Word for word, copy the entire listing below, but do not carry over any pictures.

• **Source data**
____________

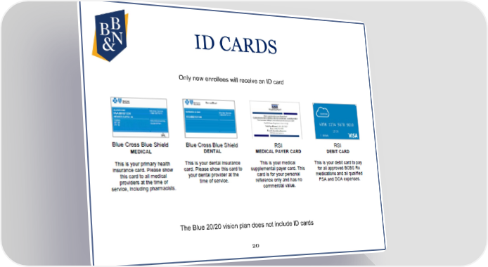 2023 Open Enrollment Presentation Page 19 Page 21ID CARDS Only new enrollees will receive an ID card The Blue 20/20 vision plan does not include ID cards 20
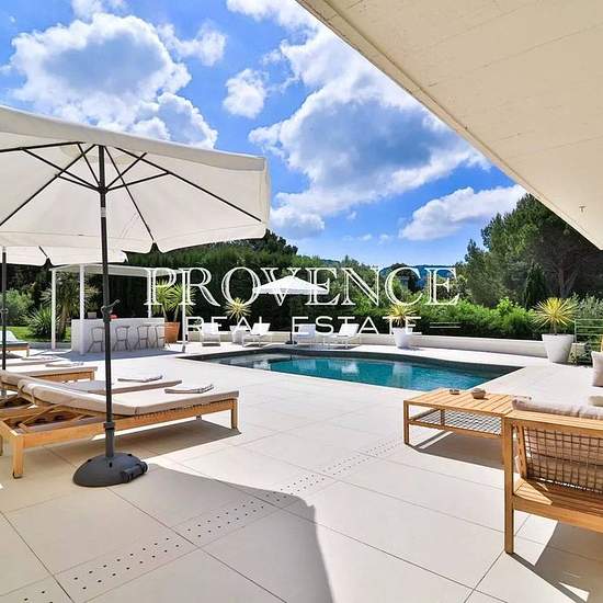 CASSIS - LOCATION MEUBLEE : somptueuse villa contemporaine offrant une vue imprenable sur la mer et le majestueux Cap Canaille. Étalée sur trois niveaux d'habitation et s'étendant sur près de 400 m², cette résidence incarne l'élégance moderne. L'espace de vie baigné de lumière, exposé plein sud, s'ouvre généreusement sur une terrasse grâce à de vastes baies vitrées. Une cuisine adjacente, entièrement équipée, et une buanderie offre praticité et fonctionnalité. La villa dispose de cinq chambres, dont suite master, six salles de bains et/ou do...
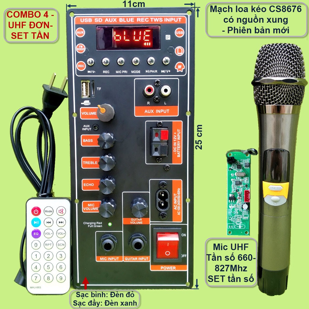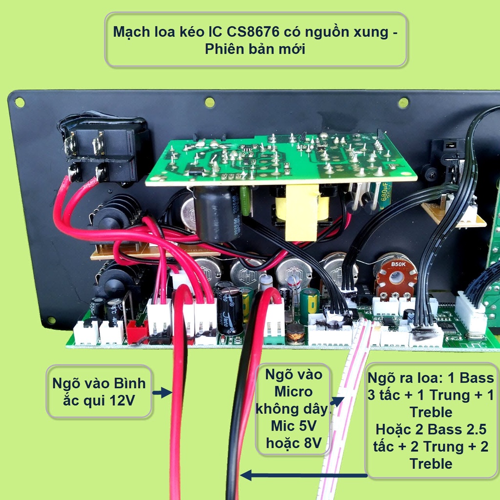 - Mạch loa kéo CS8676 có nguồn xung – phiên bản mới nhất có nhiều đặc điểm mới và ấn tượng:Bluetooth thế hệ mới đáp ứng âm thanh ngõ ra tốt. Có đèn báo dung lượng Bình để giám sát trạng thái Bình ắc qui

____________

• **Your response**
 2023 Open Enrollment Presentation Page 19 Page 21ID CARDS Only new enrollees will receive an ID card The Blue 20/20 vision plan does not include ID cards 20
 CASSIS - LOCATION MEUBLEE : somptueuse villa contemporaine offrant une vue imprenable sur la mer et le majestueux Cap Canaille. Étalée sur trois niveaux d'habitation et s'étendant sur près de 400 m², cette résidence incarne l'élégance moderne. L'espace de vie baigné de lumière, exposé plein sud, s'ouvre généreusement sur une terrasse grâce à de vastes baies vitrées. Une cuisine adjacente, entièrement équipée, et une buanderie offre praticité et fonctionnalité. La villa dispose de cinq chambres, dont suite master, six salles de bains et/ou do...
 - Mạch loa kéo CS8676 có nguồn xung – phiên bản mới nhất có nhiều đặc điểm mới và ấn tượng:Bluetooth thế hệ mới đáp ứng âm thanh ngõ ra tốt. Có đèn báo dung lượng Bình để giám sát trạng thái Bình ắc qui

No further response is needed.